Page MenuHomePhabricator

Toolforge: k8s: ingress: consider creating ingress-specific nodes
Open, MediumPublic

Description

Right now, when an user connects to a webservice running in Toolforge kubernetes, this happens:

client --> tools front proxy --> haproxy --> random k8s worker node --> ingress pod on a random worker node --> tool webservice on a random worker node

There is an extra overhead in the haproxy --> k8s worker node --> ingress pod step, because haproxy doesn't know in which node is the ingress pod running, we use a nodePort and let the ingress listen in every node of the cluster.

As of this writing, we have about 55 k8s worker nodes and only 3 ingress pods.
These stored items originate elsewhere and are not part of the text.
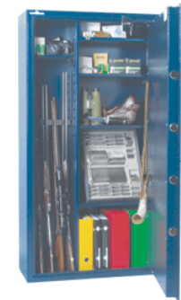
Exemple d'aménagement n°3 pour 5 armes.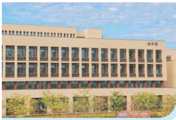
▲ 清远校区拥有中央空调教学楼群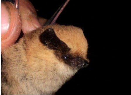
85. Tomopeas ravus * Murciélago de orejas romas MOLOSSIDAE

[fieldguides.fieldmuseum.org] [808] versión 1 08/2016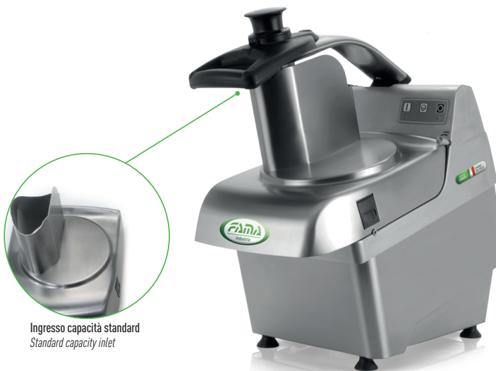
Ingresso capacità standard Standard capacity inlet

The chances that haproxy hits a node with ingress running is pretty low, thus requiring another internal kubernetes forward to the correct node with a running ingress pod.

One simple way to solve this is to create ingress-specific nodes, nodes in which we only run nginx-ingress (plus related monitoring), and configure haproxy to redirect to those nodes only, instead of to all worker nodes. As a side effect, the nginx-ingress pods would be more relaxed from memory pressure (they use at least 1Gb memory, and growing).
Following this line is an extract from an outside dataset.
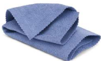
REFERENCIA ● BF-B3540-AZ-ABSR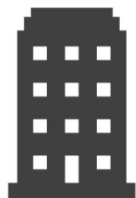
나 업체 주식회사 제O

NOTE: we didn't detect any performance impact of this setup, is just a possible improvement. Actually, we decided against this solution when we originally developed the ingress, but may worth revisiting now the usage is growing.

Docs: https://wikitech.wikimedia.org/wiki/Portal:Toolforge/Admin/Networking_and_ingress

Event Timeline

aborrero triaged this task as Lowest priority.Apr 14 2020, 1:26 PM

On the 2020-04-29 WMCS meeting we decided this is something interesting to explore + using openstack server groups to ensure ingress nodes aren't in the same hypervisor.
We also agreed this is a low priority change, so we wont work on this in the short term?

Change 604665 had a related patch set uploaded (by Arturo Borrero Gonzalez; owner: Arturo Borrero Gonzalez):
[operations/puppet@production] kubeadm: rename hiera key for ingress nodes

https://gerrit.wikimedia.org/r/604665

Change 604665 merged by Arturo Borrero Gonzalez:
[operations/puppet@production] kubeadm: rename hiera key for ingress nodes

https://gerrit.wikimedia.org/r/604665

aborrero raised the priority of this task from Lowest to High.

Raising priority, @Andrew mentioned that with the new domains for VMs we should try creating new k8s nodes and see how that works. This seems like the right test.

Mentioned in SAL (#wikimedia-cloud) [2020-09-09T10:38:56Z] <arturo> created server group tools-ingress with soft anti affinity policy (T250172)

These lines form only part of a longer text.